*** SOURCE MATERIAL ***

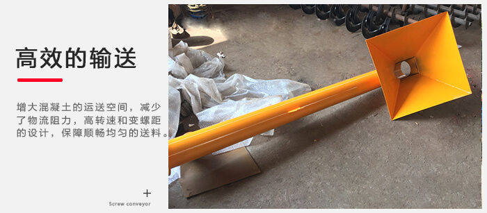 移動式螺旋輸送機(jī)采用新型懸掛式中間吊軸承架,增大混凝土的運(yùn)送空間,減少了物流阻力,加上小直徑,高轉(zhuǎn)速和變螺距的設(shè)計,保障順暢均勻的送料。
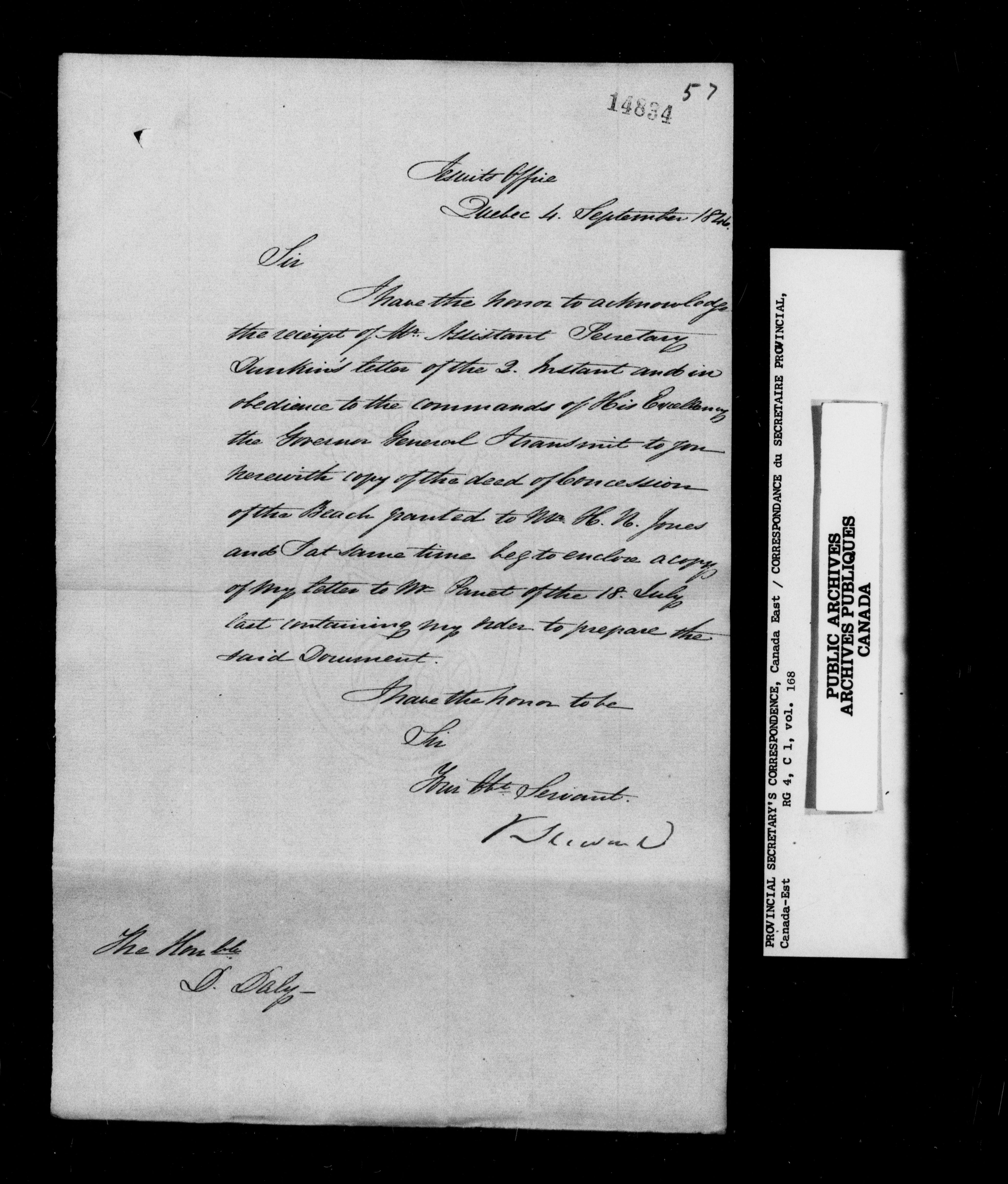 Provincial Secretary, Canada East : Numbered correspondence files, 1839-1867 - 13547
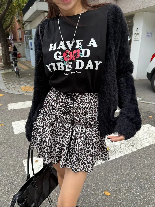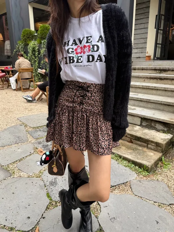 25IJ05 馬甲綁繩雪紡豹紋短裙 2色
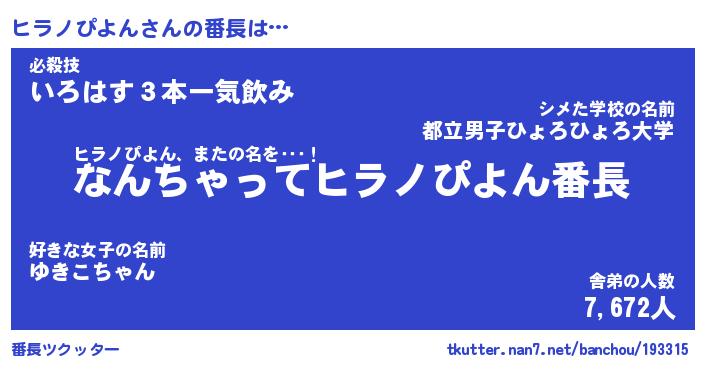 | 伝説のあだ名 | 『伝説のスナイパーヒラノぴよん』 |
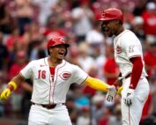 Cincinnati Reds outfielder Will Benson (30) reacts as he crosses home plate with Cincinnati Reds third baseman Noelvi Marte (16) after hitting a 3-run home run in the second inning of the MLB game between [...]
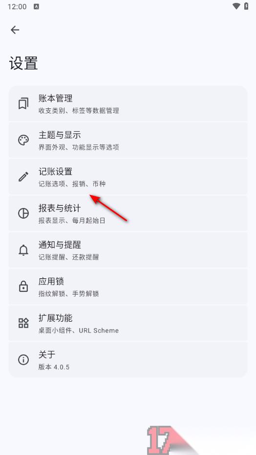 3.这时候页面上即可展示出多种功能选项,在这里需要找到其中的【记账设置】选项点击打开。
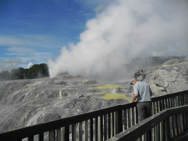 Hawkes Bay to Rotorua, New ZealandThe Pohutu Geyser erupts about 20 times a day so you won't miss it. Sometimes it shoots up as high as 30m. It is the largest active geyser in New Zealand, well the southern hemisphere actually. Select the photo below to see more of this area. Previous | Album | Next |

*** End of SOURCE MATERIAL ***

Return the listing above unchanged, apart from dropping its pictures.

→ **ANSWER BOX**
 移動式螺旋輸送機(jī)采用新型懸掛式中間吊軸承架,增大混凝土的運(yùn)送空間,減少了物流阻力,加上小直徑,高轉(zhuǎn)速和變螺距的設(shè)計,保障順暢均勻的送料。
 Provincial Secretary, Canada East : Numbered correspondence files, 1839-1867 - 13547
 25IJ05 馬甲綁繩雪紡豹紋短裙 2色
 | 伝説のあだ名 | 『伝説のスナイパーヒラノぴよん』 |
 Cincinnati Reds outfielder Will Benson (30) reacts as he crosses home plate with Cincinnati Reds third baseman Noelvi Marte (16) after hitting a 3-run home run in the second inning of the MLB game between [...]
 3.这时候页面上即可展示出多种功能选项,在这里需要找到其中的【记账设置】选项点击打开。
 Hawkes Bay to Rotorua, New ZealandThe Pohutu Geyser erupts about 20 times a day so you won't miss it. Sometimes it shoots up as high as 30m. It is the largest active geyser in New Zealand, well the southern hemisphere actually. Select the photo below to see more of this area. Previous | Album | Next |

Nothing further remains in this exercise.